China’s population grew by the slowest increase on record last year, even as a decline in new births slowed.
Total population in the mainland, excluding foreigners, reached 1.41 billion people as of the end of last year — an increase of 480,000 people compared to 2020, the National Bureau of Statistics said Monday.
“The most shocking part of the data release today is that the natural growth of population has dropped to 0.034%, the first [increase] below 0.1% since data [became] available,” Zhiwei Zhang, chief economist at Pinpoint Asset Management, said in a note Monday.
The low growth rate shows the population is aging faster than expected and suggests China’s total population may have reached its peak in 2021, he said. It “indicates China’s potential growth is likely slowing faster than expected,” Zhang said.
The world’s second-largest economy is aging rapidly. Beijing announced last year that each couple could now have three children, further loosening family planning policies that limited households to one child for decades.

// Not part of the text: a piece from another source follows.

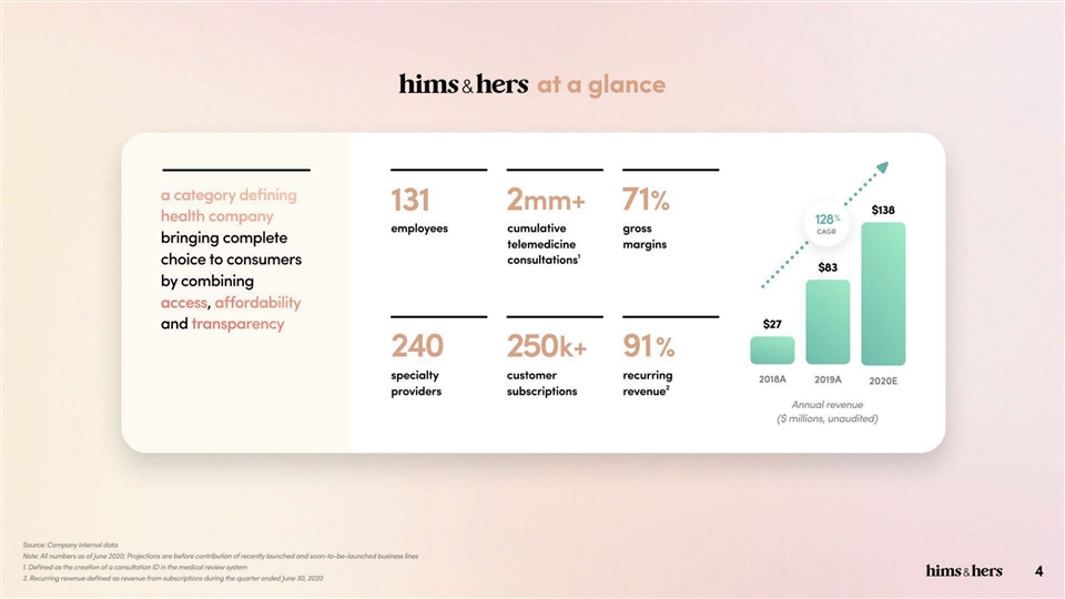 hims&hers t a glance • •• • • • a category defimng • • 2mm+ 71% 131 $138 ornrv,n I health 128% employees cumulative gross CAGR bringing complete telemedicine margins • • • 1 • consultations choice to consumers • • $83 • • by combining • • access, affordability $27 and transparency 240 250k+ 91% specialty customer recurring 2018A 2019A 2020E 2 providers subscriptions revenue Annual revenue ($ millions, unaudited) Source: Company internal data Note: All numbers as ofjune 2020; Projections are before contribution of recently launched and soan- to-be-launched business Jines I. Dflfincd as tho creation of a consultation ID in tho medical review system hims&hers 4 2. Recurring revenue defined as revenue from subscriptions during tho quarter ended June 30, 2020 hims&hers t a glance • •• • • • a category defimng • • 2mm+ 71% 131 $138 ornrv,n I health 128% employees cumulative gross CAGR bringing complete telemedicine margins • • • 1 • consultations choice to consumers • • $83 • • by combining • • access, affordability $27 and transparency 240 250k+ 91% specialty customer recurring 2018A 2019A 2020E 2 providers subscriptions revenue Annual revenue ($ millions, unaudited) Source: Company internal data Note: All numbers as ofjune 2020; Projections are before contribution of recently launched and soan- to-be-launched business Jines I. Dflfincd as tho creation of a consultation ID in tho medical review system hims&hers 4 2. Recurring revenue defined as revenue from subscriptions during tho quarter ended June 30, 2020

New births in mainland China fell by 13% in 2021 to 10.62 million babies, according to official data. That’s down from a 22% decline in 2020 compared to the prior year, the data showed.
The number of women between the ages of 21 to 35 declined by 3 million in 2021, Ning told reporters. He said China’s annual number of births is expected to remain above 10 million a year, and the total population will likely remain above 1.4 billion people for the near future.